Monday, August 1, 2011

Hyundai's maverick founder: Chung Ju-Young


Chung and sons Mong-Ku and Mong-Hun
Stepping down: Chung and sons Mong-Koo and Mong-Hun

The resignation of the head of South Korea's biggest company, the Hyundai Group, has sent shockwaves throughout the country.

Chung Ju-Yung's creation of the vast Hyundai business empire came to be synonymous with the astonishing industrial success of South Korea itself.


Chung Ju-Yung and cattle
Mr Chung sent 1,000 cattle to the North
Much of the country's post-war landscape, its bridges and roads, factories and cars, was shaped by Hyundai, and the efforts of self-confessed workaholic Chung.

It's a rags to riches story: Chung was born 85 years ago to a poor farming family in what is now North Korea.

He began his career at the age of 19 as a rice-store deliveryman in the western port city of Inchon.
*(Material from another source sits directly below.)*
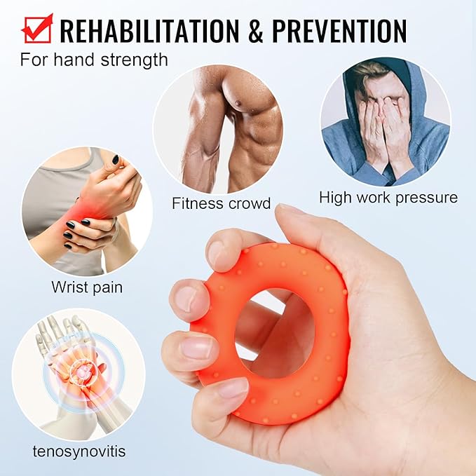 - 【Hand Therapy and Rehabilitation Equipment】:Ideal for individuals recovering from hand or wrist injuries, our hand grips can aid in rehabilitation and enhance dexterity.It's effective for reducing stiffness and pain associated with conditions such as rheumatoid arthritis, stroke rehab, carpal tunnel, tenos ynovitis, fractured or broken wrist, tendon surgery, and tennis elbow.
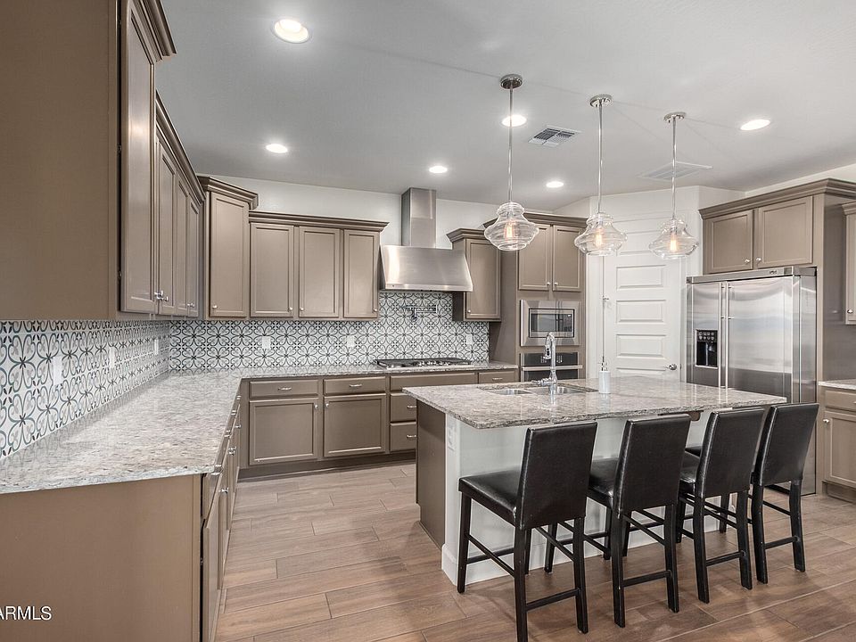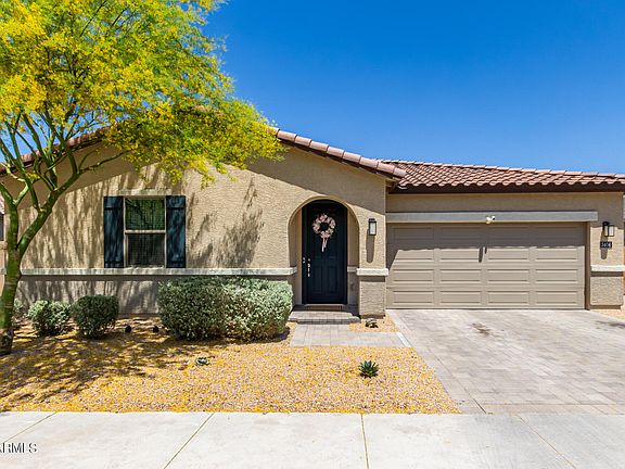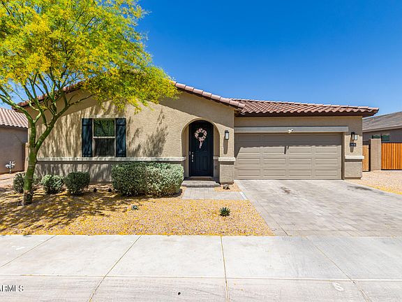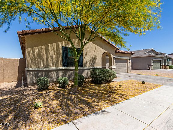 Introducing this adorable 4-bedroom home in Santolina South Mountain Community! Featuring a 3-car tandem garage with attached cabinets, RV gate, and mature landscape. Inside, an inviting hallway leads to the bright & large open floor plan paired with wood-look tile flooring, neutral paint, and sliding glass doors to the back patio. Impeccable kitchen displays recessed & pendant lighting, stylish tile backsplash, a pantry, stainless steel appliances, ample cabinetry with crown moulding, granite counters, and a practical island with a breakfast bar. You'll love the serene primary retreat equipped with plush carpet, walk-in closets, and an ensuite with dual sinks. Spacious backyard has a covered patio, perfect for unwinding after an exhausting day. Don't miss out on this amazing abode!

By 24 he was running his own car repair business.

Unstoppable

His big break came after the Korean War, when he gained a lucrative construction project to build lodgings for American GIs.


Chung Ju-Yung
Mr Chung: Known as King Chairman
From then on, the company's growth seemed unstoppable.

With the nod from South Korea's military government, desperate to drag the country into the industrial age, he transformed its shipbuilding industry into the biggest in the world,

He then diversified into the car and electronics industries, and in the 1980s jumped into semi-conductors.

Hyundai is now the world's biggest memory chip producer.

Roots

But Mr Chung never forgot his North Korean roots, and he has become something of a one-man goodwill ambassador.

His efforts - including the bizarre gift of 1,000 head of cattle to the impoverished North - have led, amongst other things, to Mr Chung gaining the right to run tourist ships to the North's beautiful mountain region.

But Mr Chung's business style has not been without its critics.

Debts

Dubbed "King Chairman" by his employees, he represents the old school of Korean businessman, running the company along the lines of strict Confucian hierarchy.

The huge, diversified corporation, run on massive debts, exemplifies what many see as being wrong with Korean industry.

The passing of this towering figure on Korea's business scene has already pleased the markets, and marks a further step along the road of Korea's painful process of restructuring.